It turns out that there's even an International Society for Ecological Economics. And most considerately, the site carries an entire volume, an ebook entitled An Introduction to Ecological Economics. Chapter 2, here, gives a brief historical run-down of the development of the theory and, in reference to the shortcomings of Marxism, says,
Marx and his followers in communist countries have made a negative contribution to the allocative efficiency problem, even while highlighting issues of just distribution. Their ideological rejection of rent and interest as necessary prices, and their insistence on a labor theory of value that neglected nature’s contribution were responsible for much of the environmental destruction in communist countries.
Well, that's what I said four years ago. I could have saved myself a lot of pfaffing around if I'd had the sense back then to do some simple checking.
Bugger.
25 comments:
More balls. Marx didn't reject the contribution of nature. In fact, he said the development of capitalism would necessarily exhaust the two sources of its wealth: the worker and the soil. As for "allocative efficiency", are you then a "market socialist", or "market anarchist", John?

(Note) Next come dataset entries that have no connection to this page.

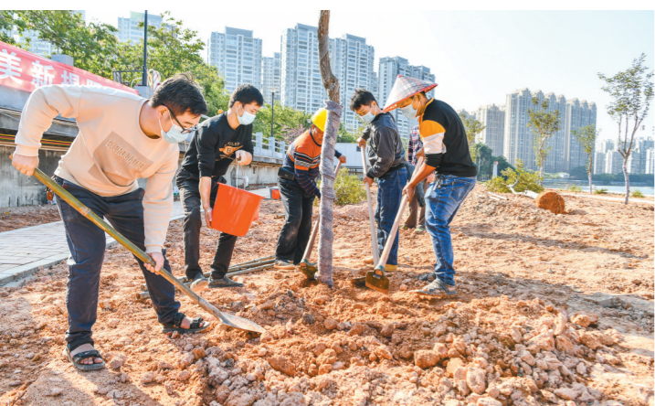
揭阳各地各部门组织开展义务植树活动

记者注意到,小程序还设置了“与您分享”的界面,通过这个板块向社会公众宣传义务植树
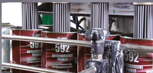
Производственный участок. Площадь цеха - 40 000 м 2
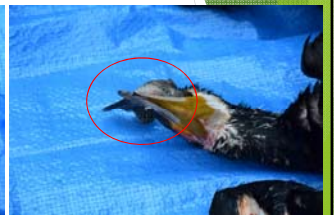
飲み込む寸前の魚
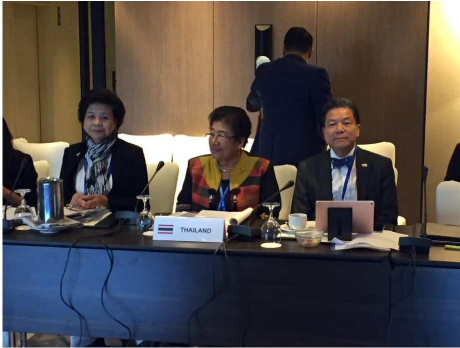
คณะผู้แทนสถานิติบัญญัติแห่งชาติระหว่างการประชุมคณะกรรมการด้านเศรษฐกิจ ในการประชุมใหญ่สมัชชารัฐสภาอาเซียน ครั้งที่ ๓๙
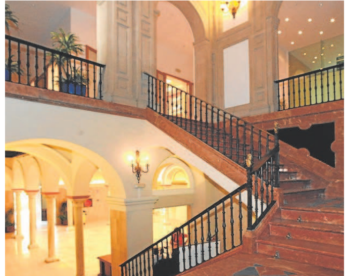
Interior de la Casa de la Provincia // LA CASA DE LA PROVINCIA

'Ensamblajes II' trata sobre encajar la vida en cajas y es un tributar un homenaje al autor Italo Calvino, uno de los escritores más universales de nuestro tiempo, con una obra literaria extensa, versátil e innovadora, del que se cumplirá el próximo mes de octubre el centenario de su nacimiento, y a cuya obra Martín Gugliemino le de-
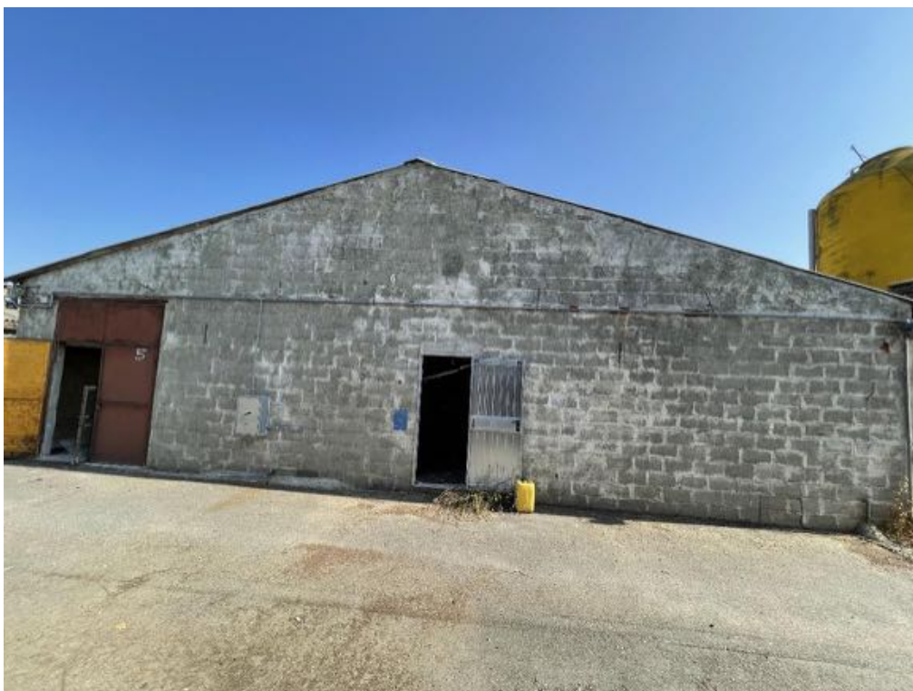
Capannone agricolo n. 5 (Foto 2)
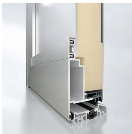
Einseitig flügelüberdeckend Innenansicht
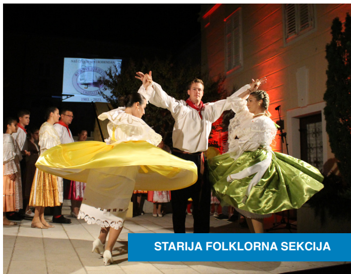
STARIJA FOLKLORNA SEKCIJA
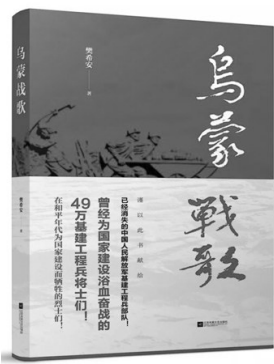
《乌蒙战歌》樊希安著，江苏凤凰文艺出版社2019年5月出版，定价65.00元

《乌蒙战歌》是樊希安先生的第一部长篇小说，也是国内描写上世纪“大三线”工程建设的第一部小说。
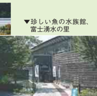
▼珍しい魚の水族館、富士湧水の里
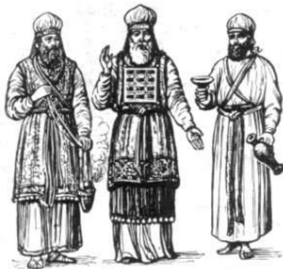
Священник. Первосвященник. Девит

Во времена апостолов, как видно из книги Деяний апостольских, были особенные места для собраний верующих и для совершения Таинства Причащения, называвшиеся церквами, где богослужение совершалось поставленными на то через рукоположение (в Таинстве Священства) епископами, пресвитерами (священниками) и диаконами.
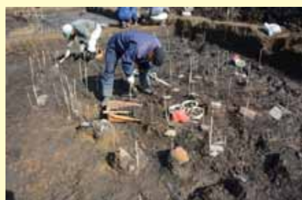
たくさん出土する瓦や須恵器
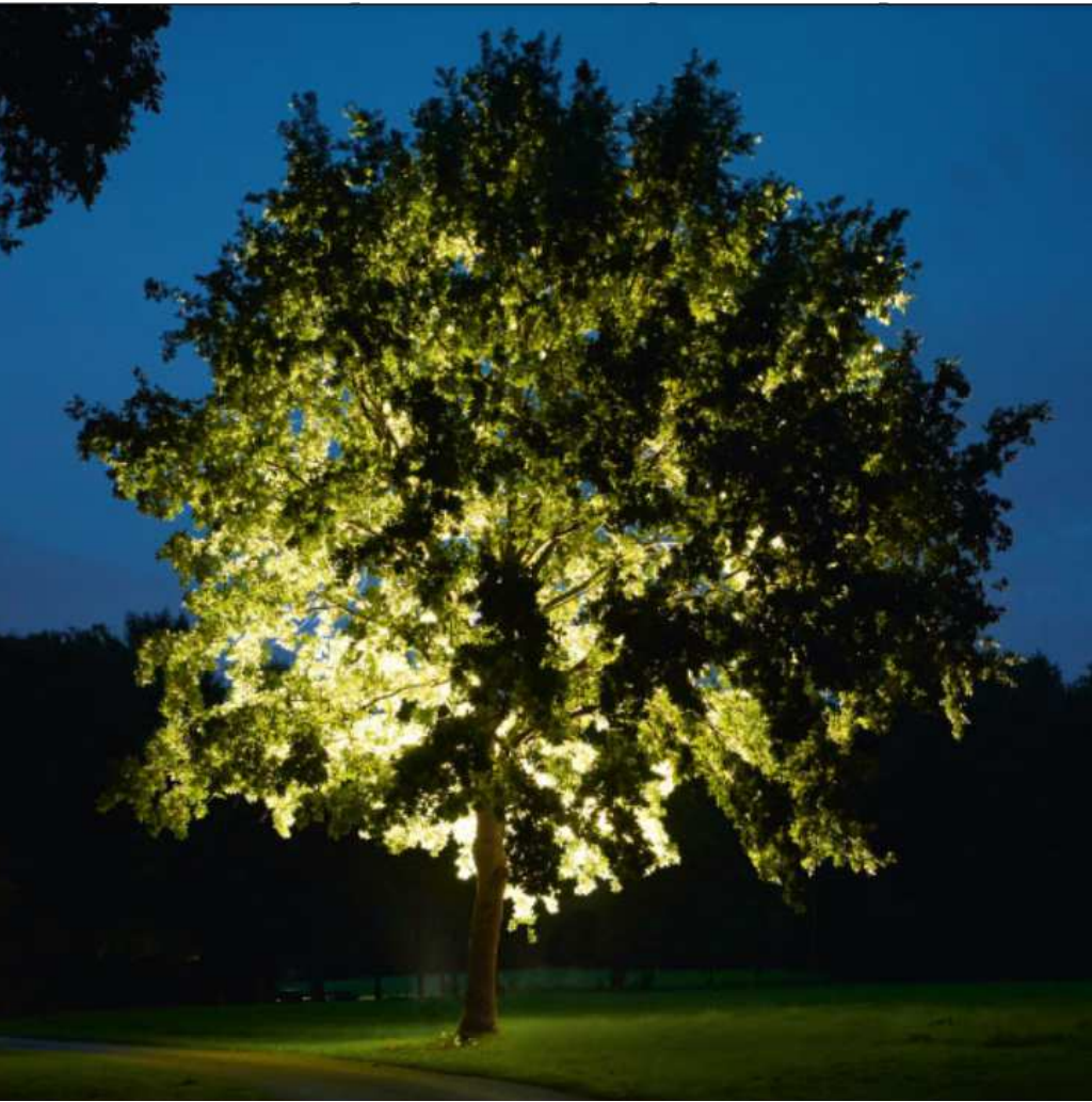
Kombination von Strahlern in die Krone...
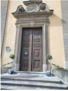
Pfarrkirche Großwenkheim
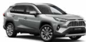
1D6 Ezüstmetál* 190 000 Ft
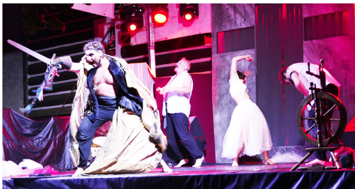
Metropolitní divadlo z Prahy představilo divákům Erbenovu Kytici.
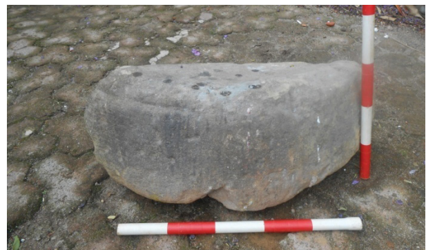
Gambar 6. Fragmen bantalan arca.

Selain sisa-sisa bangunan dari bata, ditemukan juga artefak yang berada di dalam cungkup makam Panglima Bagus Kuning dan Panglima Bagus Karang. Artefak pertama terletak di atas Makam Panglima Bagus Kuning berupa bantalan arca ( asana ) yaitu tempat untuk mendirikan sebuah patung ( padma ) yang berukuran panjang 68 cm, lebar 34 cm dan tinggi 27 cm (gambar 6). Sisi bagian luarnya melingkar, dan sisi dalamnya cenderung rata. Kemungkinan merupakan satu sisi (1/4 bagian) bawah padma untuk mendirikan arca. Berdasarkan informasi yang berhasil dihimpun dari juru kunci makam, dahulunya batu ini merupakan bagian atau menjadi salah satu nisan
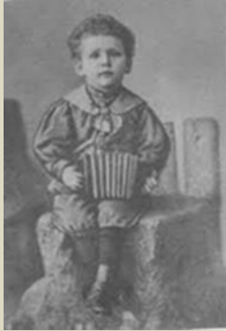
г. Екатеринодар. 1899 г.
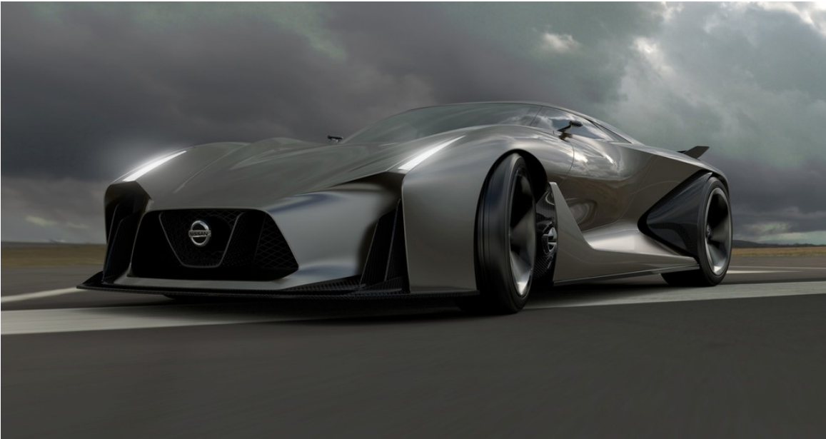
Nissan Concept 2020 Vision Gran Turismo.
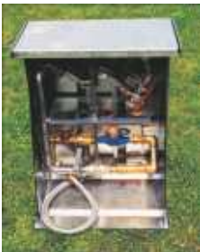
Elotop Unterflur- Multizapfstelle -Edelstahl-
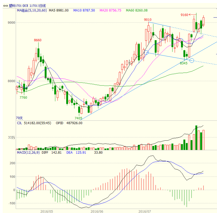
图 3 LLDPE1701 合约日线图
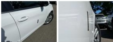
Porte ARD, Griffe(s), Acceptable
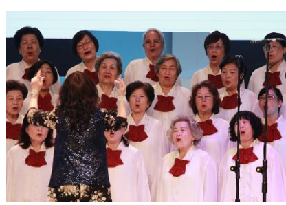
看！多麼充滿活力的頌唱者
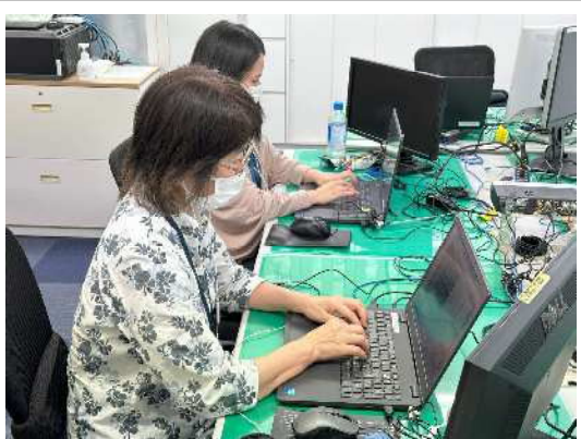
ベテラン社員と若手社員ペアの連携入力
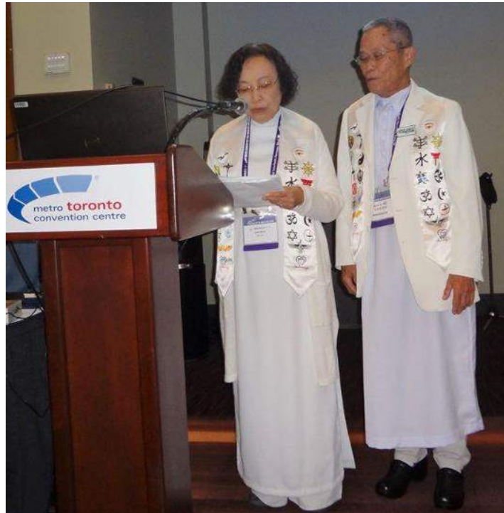
@ Parliament of World Religion 2018 - Toronto Canada
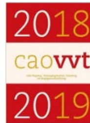
Verpleeg-, Verzorgingshuizen en Thuiszorg VVT
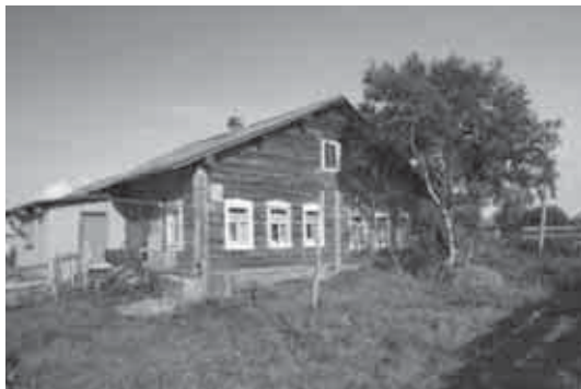
Дом в Койде, где останавливался Юрий Казаков. Фото 2014 г.

почту», – и далее повествуется про женщину-почтальона на Летнем берегу Белого моря, про то, как он хотел написать о ней «грустный, но героический рассказ», и что сейчас «как бы вновь встретился с давней своей героиней...».
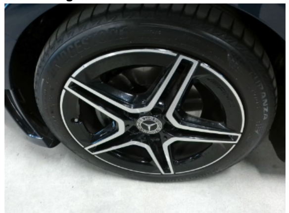
Abbildung 6: Siehe Pos.5
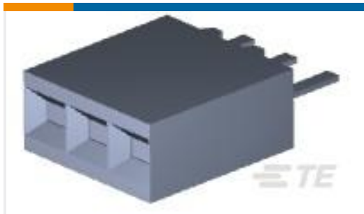
TE 产品编号5-534237-1 03 MODII VRT SR CE 100/115
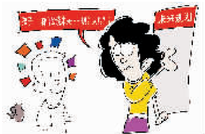
考后直面未来规划 卓文 绘

●今年的高考和中考相继结束,考生们的心理压力一下子释放了。怎样过好大考之后最轻松的这个暑假呢?是来一场早就在计划之内的旅行?是与同伴相约看电影、打游戏?还是在放松之余,对新学段多一些了解?相信每位考生心里都会有自己的目标和规划。

Well, you'll see from the past comments four years ago that I pointed out that Marx acknowledged that Nature was a source of wealth. But neither Marxism nor neoclassical economics factor in the contribution made by ecological resources in their measurement of social wealth. Neoclassical economics thinks the price of something is the cost of extracting it and therefore that the raw materials have no intrisic value of their own; Marxism fails to acknowledge that the source of surplus energy, in not just humans but all animals (and not therefore some magical quality of labour), comes from the fact that it requires less energy to consume and extract raw materials than actually resides in them. The quantity of this surplus over the cost of its extraction will determine such things as the social wealth of the society as a whole, the levels of technological and cultural development, and the likelihood of success in workers' struggles for a shorter working day, just as an example. And consequently such things like whether or not profit margins will rise or fall. The labour theory of value generates all of this from the worker's energies, once again implying that nature contributes nothing of value when it's precisely the stored-up energy released by the manufacture and consumption of commodities that allows capitalism to reproduce itself, building an economy on depleting the planet's resources.
PS A better grasp of Marx might have led the authors to an alternative explanation for the environmental destruction in "communist" countries, including present-day China – namely, the inherent drive to expand implicit in capitalist commodity production, even when the capital accumulation is directed by the state.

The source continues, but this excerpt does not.